Hockey also poses a different challenge in modelling that the teams are so tight to each other and one game samples can be skewed massively by 1 incredibly inconsistent position (goaltending) that even the best possible models will get games wrong occasionally. The fact that only the top 16 teams make the tournament means that there are basically no "free" games. Every game is a ranked matchup where on any given day one team can outperform another, that you would almost never see in a 16-1 matchup in basketball. And that's before you add in the additional fact that one 18-24 year old goalie can completely steal any given game, even if the kid wasn't even his teams starter going into the season, he could still have the game of his life one Saturday and carry a 4 seed over a 1.

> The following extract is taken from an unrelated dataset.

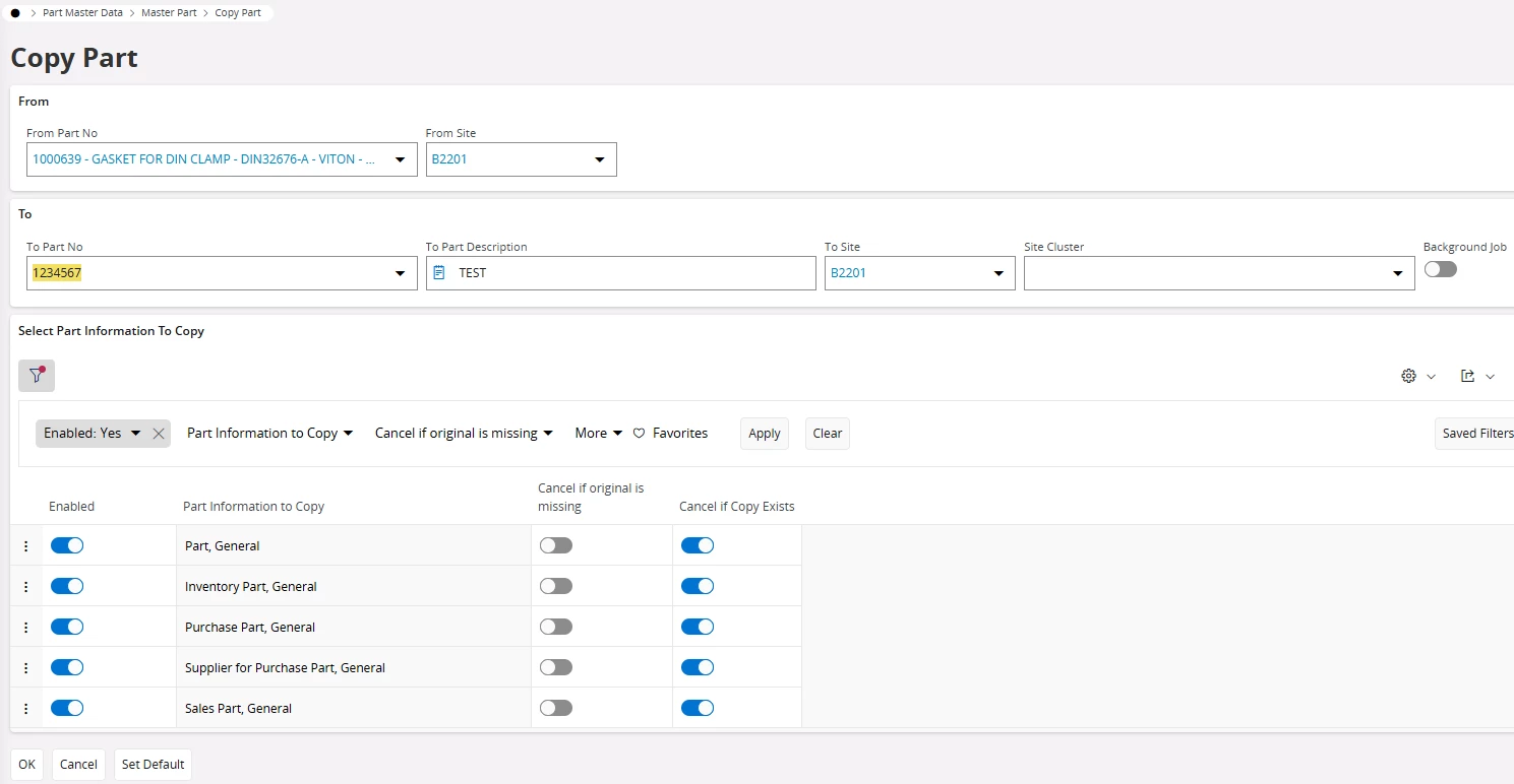When performing Copy Part in IFS Cloud, all general information from the existing part is copied to the new part, including Estimated Cost, Minimum Quantity, Dimensional Quality, Safety Stock, and Lot Size.
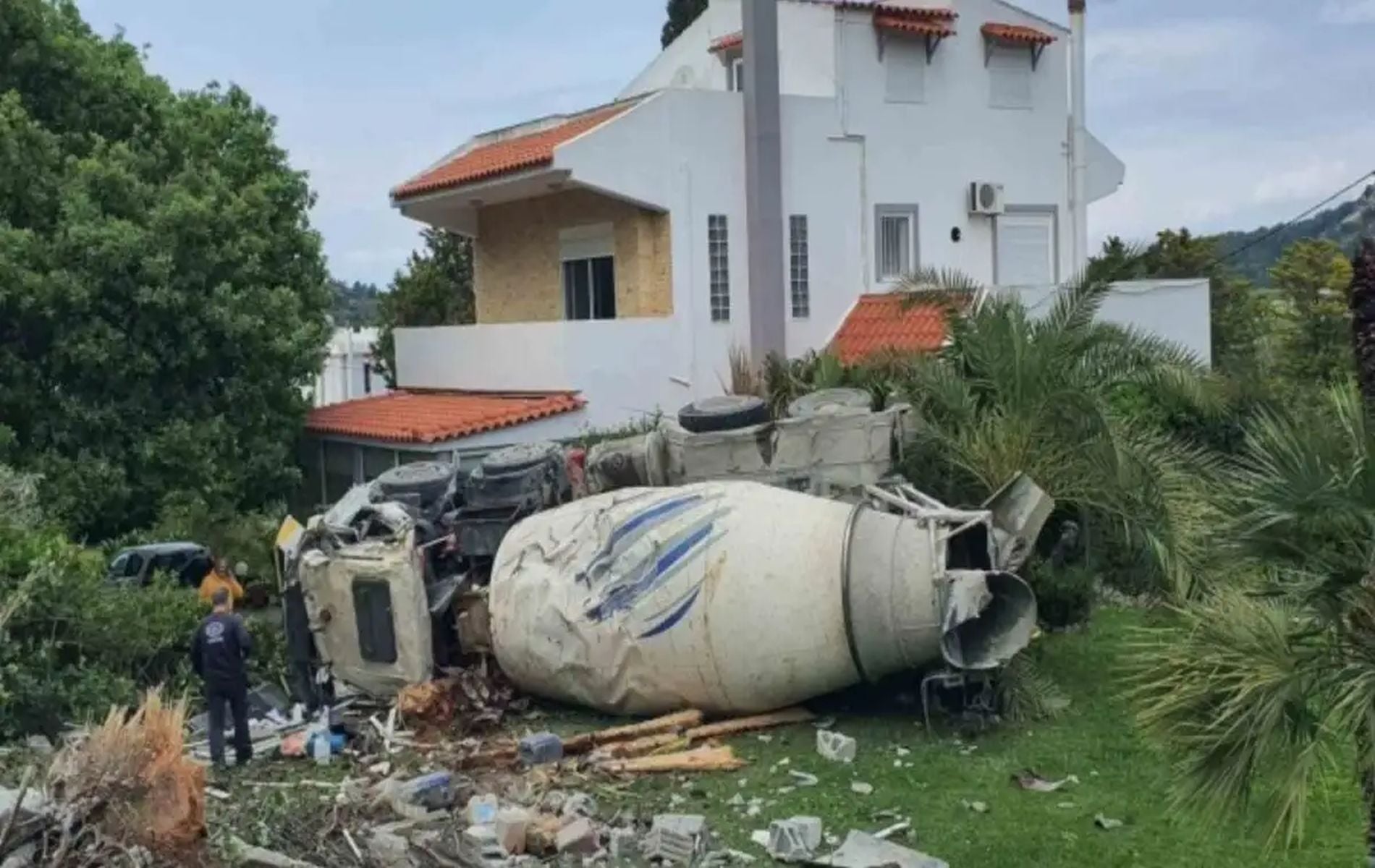 Το τροχαίο ατύχημα στην περιοχή Τρεις στη Ρόδο, όπου μια μπετονιέρα γεμάτη σκυρόδεμα αναποδογύρισε σε αυλή σπιτιού, αποτελεί ένα σοβαρό περιστατικό, αλλά ευτυχώς χωρίς ανθρώπινες απώλειες.

With that being said, I still set out to make a model to predict how the tournament would play out. I used a similar method to my basketball model, where I gave every team a "base" odds equal to the proportion of teams at their seed to have advanced past that round in the past. Then I looked at various stats, goals for and goals against per game, CF and GF percentages (both overall and at even strength), their starting Gs sv% and their top 5 point scorers. I also looked at, but didn't include a few stats. Shooting% because I know teams that rely on higher shooting percentages usually have higher volatility. A "tempo" stat I created, similar to the basketball stat that is just number of possesions in a game I think, except it was total shot attempts per game. My logic for looking at it was similar, that high tempo teams have more volatility and could get upset, while slower paced teams only need to get lucky once early then can control play for the rest of the game, which could lead to upsets. The last stat I looked at but didn't use was "PP Dependency" basically just how many of your goals were scored on the PP, because people love saying that "refs swallow their whistles" in the playoffs, but that isn't backed up by the numbers in the NHL, and knowing what I know about the selection process for NCAA/USHL refs vs that for NHL refs, I can't imagine NCAA refs would swallow their whistles in the playoffs either.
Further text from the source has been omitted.